Given the weaker price action, is now the time to buy OLLI? Find out in our full research report, it’s free.
Why Does OLLI Stock Spark Debate?
Often located in suburban or semi-rural shopping centers, Ollie’s Bargain Outlet is a discount retailer that acquires excess inventory then sells at meaningful discounts.
Two Things to Like:
1. New Stores Opening at Breakneck Speed
A retailer’s store count influences how much it can sell and how quickly revenue can grow.

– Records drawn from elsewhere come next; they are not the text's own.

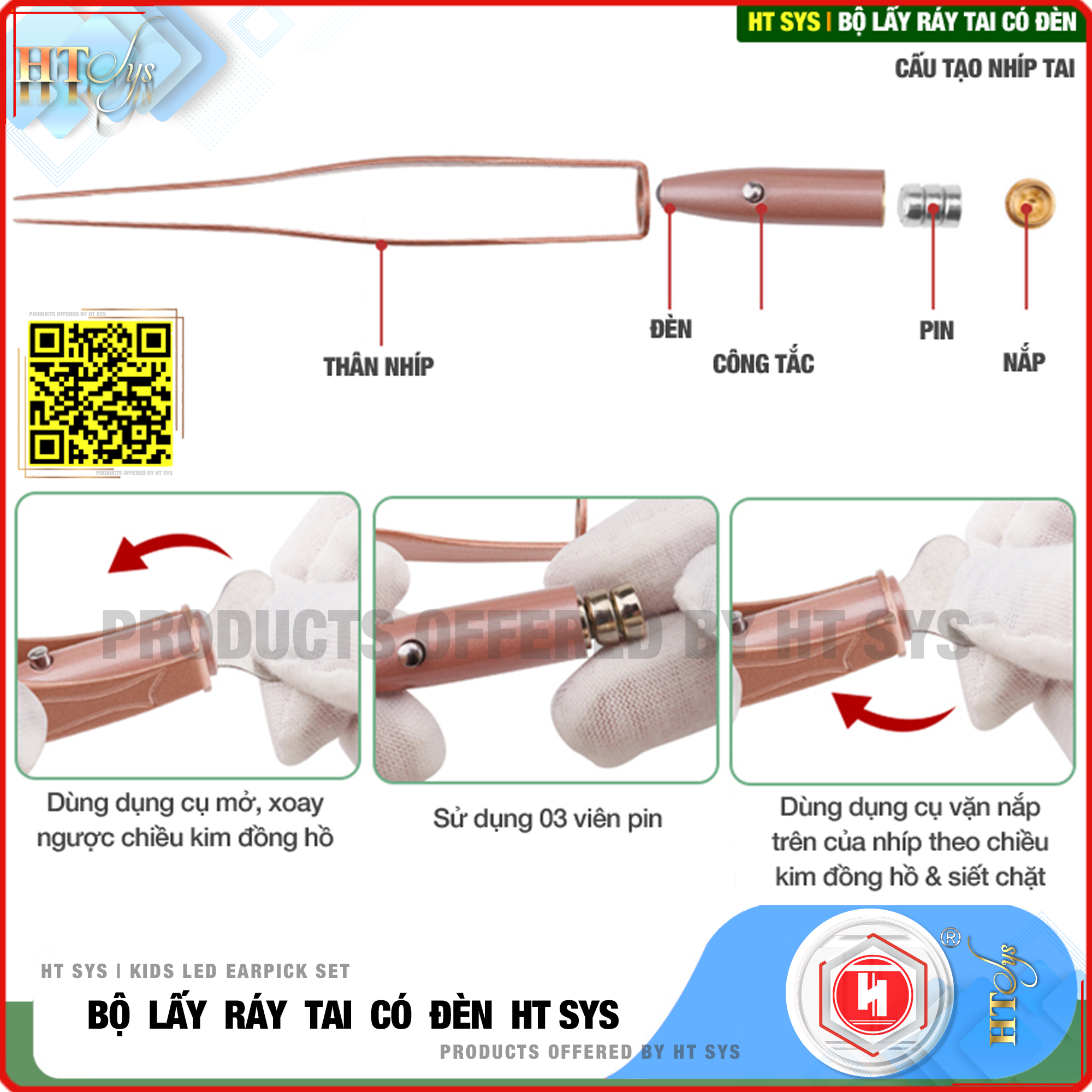 Dụng Cụ Lấy Ráy Tai / Bộ Lấy Ráy Tai / Ngoáy Tai Có Đèn 3 Trong 1 Kèm Kẹp Siêu Tiện - Chính Hãng HT SYS ❖ Mô tả sản phẩm :
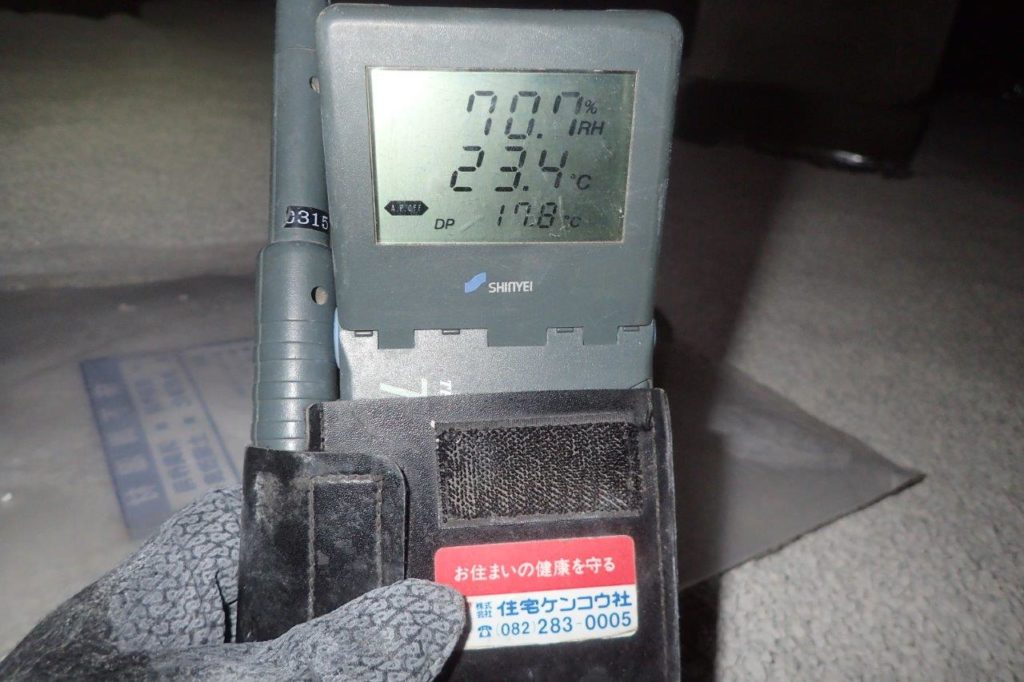 このような結果となりました。床下湿度が【90%→81.2%】と下がりました。そしていよいよ調湿剤敷設です。
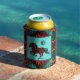 Keep Your Favourite Beverage Cool in this "One of a Kind" Southwest Horse Can Cooler! It Features a Galloping Southwest Horse Silhouette and Sun on a Turquoise Background...Surrounded by a Southwest Border in Turquoise, Orange & Black!

Ollie's sported 645 locations in the latest quarter. Over the last two years, it has opened new stores at a rapid clip by averaging 11.5% annual growth, among the fastest in the consumer retail sector. This gives it a chance to scale into a mid-sized business over time.
When a retailer opens new stores, it usually means it’s investing for growth because demand is greater than supply, especially in areas where consumers may not have a store within reasonable driving distance.
2. Surging Same-Store Sales Show Increasing Demand
Same-store sales is a key performance indicator used to measure organic growth at brick-and-mortar shops for at least a year.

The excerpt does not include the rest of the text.